Marx was not afraid to call the “dictatorship of the proletariat,”

precisely to differentiate it from a dictatorship exercised by an elite,

dictatorship in the Jacobin and Blanquist sense of the term. Certainly,

Marx, in claiming the merit of having discovered the secret of the

historical development of modes of production and domination, could not

have foreseen that his teaching would be usurped by professional

revolutionaries and other politicians claiming the right to personify

the dictatorship of the proletariat. In fact, he only envisaged this

form of social transition for countries whose proletariat had been able

to make use of the period of bourgeois democracy to create its own

institutions and made itself the dominant class in society. Compared

with the many centuries of violence and corruption that capitalism had

needed to come to dominate the world, the length of the process of

transition to anarchist society would be shorter and less violent to the

extent that the concentration of political power would bring a mass

proletariat face to face with a numerically weak bourgeoisie:

“The transformation of scattered private property, arising from

individual labour, into capitalist private property is, naturally, a

process, incomparably more protracted, violent, and difficult, than the

transformation of capitalistic private property, already practically

resting on socialized production, into socialized property. In the

former case, we had the expropriation of the mass of the people by a few

usurpers; in the latter, we have the expropriation of a few usurpers by

the mass of the people.”[14]

Marx did not work out all the details of a theory of the transition; in

fact noticeably different views can be found in the various theoretical

and practical outlines which are scattered throughout his works.

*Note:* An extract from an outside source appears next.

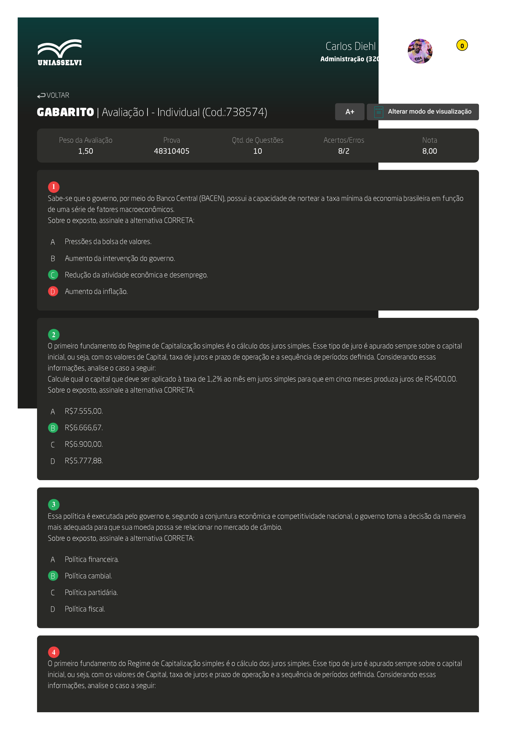 30/05/2022 19:08 AVA https://ava2.uniasselvi.com.br/subject/grades-and-tests/answer-book/eyJ0ZXN0Ijp7InRlc3RDb2RlIjoiNzM4NTc0IiwiZGVzY3JpcHRpb24iOiJBdmFsaWHDp8OjbyBJIC0gSW5kaXZpZHVhbCIsInBhcmFtZXRlciI6MTI5Mj… 1/3 GABARITO | Avaliação I - Individual (Cod.:738574) Peso da Avaliação 1,50 Prova 48310405 Qtd. de Questões 10 Acertos/Erros 8/2 Nota 8,00 Sabe-se que o governo, por meio do Banco Central (BACEN), possui a capacidade de nortear a taxa mínima da economia brasileira em função de uma série de fatores macroeconômicos. Sobre o exposto, assinale a alternativa CORRETA: A Pressões da bolsa de valores. B Aumento da intervenção do governo. C Redução da atividade econômica e desemprego. D Aumento da inflação. O primeiro fundamento do Regime de Capitalização simples é o cálculo dos juros simples. Esse tipo de juro é apurado sempre sobre o capital inicial, ou seja, com os valores de Capital, taxa de juros e prazo de operação e a sequência de períodos definida. Considerando essas informações, analise o caso a seguir: Calcule qual o capital que deve ser aplicado à taxa de 1,2% ao mês em juros simples para que em cinco meses produza juros de R$400,00. Sobre o exposto, assinale a alternativa CORRETA: A R$7.555,00. B R$6.666,67. C R$6.900,00. D R$5.777,88. Essa política é executada pelo governo e, segundo a conjuntura econômica e competitividade nacional, o governo toma a decisão da maneira mais adequada para que sua moeda possa se relacionar no mercado de câmbio. Sobre o exposto, assinale a alternativa CORRETA: A Política financeira. B Política cambial. C Política partidária. D Política fiscal. O primeiro fundamento do Regime de Capitalização simples é o cálculo dos juros simples. Esse tipo de juro é apurado sempre sobre o capital inicial, ou seja, com os valores de Capital, taxa de juros e prazo de operação e a sequência de períodos definida. Considerando essas informações, analise o caso a seguir: VOLTAR A+ Alterar modo de visualização 1 2 3 4 Carlos Diehl Neto Administração (3208779) 0 30/05/2022 19:08 AVA https://ava2.uniasselvi.com.br/subject/grades-and-tests/answer-book/eyJ0ZXN0Ijp7InRlc3RDb2RlIjoiNzM4NTc0IiwiZGVzY3JpcHRpb24iOiJBdmFsaWHDp8OjbyBJIC0gSW5kaXZpZHVhbCIsInBhcmFtZXRlciI6MTI5Mj… 2/3 Um investidor aplicou a quantia de R$1.000,00 durante cinco meses e rendeu juros de R$50,00. Nesse contexto, determine a taxa mensal dessa aplicação em juros simples. Sobre o exposto, assinale a alternativa CORRETA: A R$1.012,50. B R$1.075,00. C R$1.023,00. D R$1.008,75. Um certificado de depósito bancário (CDB) possui capital de R$ 35.000,00 taxa de juros de 20% ao ano e prazo de três trimestres. Sobre o valor futuro (montante) a se resgatar, assinale a alternativa CORRETA: A R$ 15.250,00 B R$ 29.750,00. C R$ 40.250,00. D R$ 5.250,00. As taxas de juros em uma economia vão se estabelecendo conforme a oferta de emprestar, e demanda do recurso monetário, ou seja, os agentes econômicos que tiverem capital para emprestar procuram rentabilidade pelo uso de seu capital (investimentos); isto é, geração de juros por meio de uma taxa. Entretanto, o interesse real de emprestar por parte dos investidores fica em função de alguns fatores. Sobre esses fatores, classifique V para as sentenças verdadeiras e F para as falsas: ( ) Aumento da taxa de juros básica do FED (Federal Reserve) nos Estados Unidos. ( ) O nível de risco que o investidor esteja disposto a aceitar. ( ) Pressões inflacionárias. ( ) O nível de rentabilidade que o investidor esteja aspirando.Assinale a alternativa que apresenta a sequência CORRETA: A F - V - F - V. B V - V - F - F. C F - F - V - V. D V - F - V - F. É o conjunto de medidas do governo que tem por objetivo controlar o volume de moeda (dinheiro) em circulação e o montante de crédito disponível na economia. Sobre o exposto, assinale a alternativa CORRETA: A Política de dinheiro. B Política eficaz. C Política econômica. D Política monetária. A fim de garantir a observância de determinados valores e princípios norteadores, o Estado intervém, de forma legítima, no domínio econômico. Sobre o exposto, assinale a alternativa CORRETA: A As empresas públicas e as sociedades de economia mista só poderão gozar de privilégios fiscais não extensivos às do setor privado quando necessário aos imperativos da segurança nacional ou a relevante interesse coletivo. 5 6 7 8 Carlos Diehl Neto Administração (3208779) 0 30/05/2022 19:08 AVA https://ava2.uniasselvi.com.br/subject/grades-and-tests/answer-book/eyJ0ZXN0Ijp7InRlc3RDb2RlIjoiNzM4NTc0IiwiZGVzY3JpcHRpb24iOiJBdmFsaWHDp8OjbyBJIC0gSW5kaXZpZHVhbCIsInBhcmFtZXRlciI6MTI5Mj… 3/3 B O Estado, considerados os princípios gerais da ordem econômica, pode regular, por via legislativa, a política de preços de bens e serviços de determinado segmento econômico. C O Estado, como agente normativo e regulador da atividade econômica, exercerá, na forma da lei, as funções de fiscalização, incentivo e planejamento, sendo este determinante e impositivo para os setores público e privado. D A ordem econômica, fundada na valorização do trabalho humano e na livre iniciativa, obedecerá, dentre outros, aos princípios da soberania nacional, do dirigismo econômico e da redução das desigualdades regionais e sociais. Quando identificamos a soma de todas as riquezas geradas durante um período por região, estamos tratando de um determinado indicador. Sobre esse indicador, assinale a alternativa CORRETA: A PIB. B Juros. C Taxa de câmbio. D Inflação. O primeiro fundamento do Regime de Capitalização simples é o cálculo dos juros simples. Esse tipo de juro é apurado sempre sobre o capital inicial, ou seja, com os valores de Capital, taxa de juros e prazo de operação e a sequência de períodos definida. Considerando essas informações, calcule o juro a ser pago por um empréstimo de R$9.200,00 se aplicada a taxa de 5% ao trimestre e durante o tempo de quat

Nevertheless, throughout these differences, indeed contradictory

statements, a basic principle remains intact and constant to the extent

of allowing a coherent reconstruction of such a theory. It is perhaps on

this point that the myth of the founding of “Marxism” by Marx and Engels

is seen at its most harmful. While the former made the postulate of a

proletarian self-activity the criterion of all genuine class action and

all genuine conquest of political power, the latter ended up,

particularly after the death of his friend, by separating the two

elements in the creation of the workers’ movement: the class action —

the SelbsttĂ€tigkeit — of the proletariat on the one hand and the policy

of the party on the other. Marx thought that communist and anarchist

self-education was, more than any isolated political act, an integral

part of the revolutionary activity of the workers: it was the workers’

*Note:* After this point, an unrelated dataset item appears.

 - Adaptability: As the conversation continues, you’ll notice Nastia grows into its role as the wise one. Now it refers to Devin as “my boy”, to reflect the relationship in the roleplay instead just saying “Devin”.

task to make themselves fit for the conquest and exercise of political

power as a means of resisting attempts by the bourgeoisie to reconquer

and recover its power. The proletariat had to temporarily and

consciously form itself into a material force in order to defend its

right and project to transform society by progressively establishing the

Human Community. It was in struggling to affirm itself as a force of

abolition and creation that the working class — which “of all the

instruments of production is the most productive” — took up the

dialectical project of creative negation; it took the risk of political

alienation in order to make politics superfluous. Such a project had

nothing in common with the destructive passion of a Bakunin or the

anarchist apocalypse of a Coeurderoy. Revolutionary purism had no place

in this political project whose aim was to make real the potential

supremacy of the oppressed and exploited masses. Marx thought that the

International Workingmen’s Association, which combined the power of

numbers with a revolutionary spirit conceived of in a quite different

way from Proudhonian anarchism, could become such a fighting

organisation. In joining the IWMA, Marx did not abandon the position he

had taken against Proudhon in 1847, when he put forward an

anti-political anarchism to be achieved by a political movement:

“Does this mean that after the fall of the old society there will be a

new class domination culminating in a new political power? No ... The

working class, in the course of its development, will substitute for the

old civil society an association which will exclude classes and their

antagonism, and there will be no more political power properly

so-called, since political power is precisely the official expression of

antagonism in civil society. Meanwhile the antagonism between the

proletariat and the bourgeoisie is a struggle of class against class, a

struggle which carried to its highest expression is a total revolution.

Indeed, is it at all surprising that a society founded on the opposition

of classes should culminate in brutal contradiction, the shock of body

against body, as its final denouement? Do not say that social movement

excludes political movement. There is never a political movement which

is not at the same time social. It is only in an order of things in

which there are no more classes and class antagonisms that social

evolutions will cease to be political revolutions.”[15]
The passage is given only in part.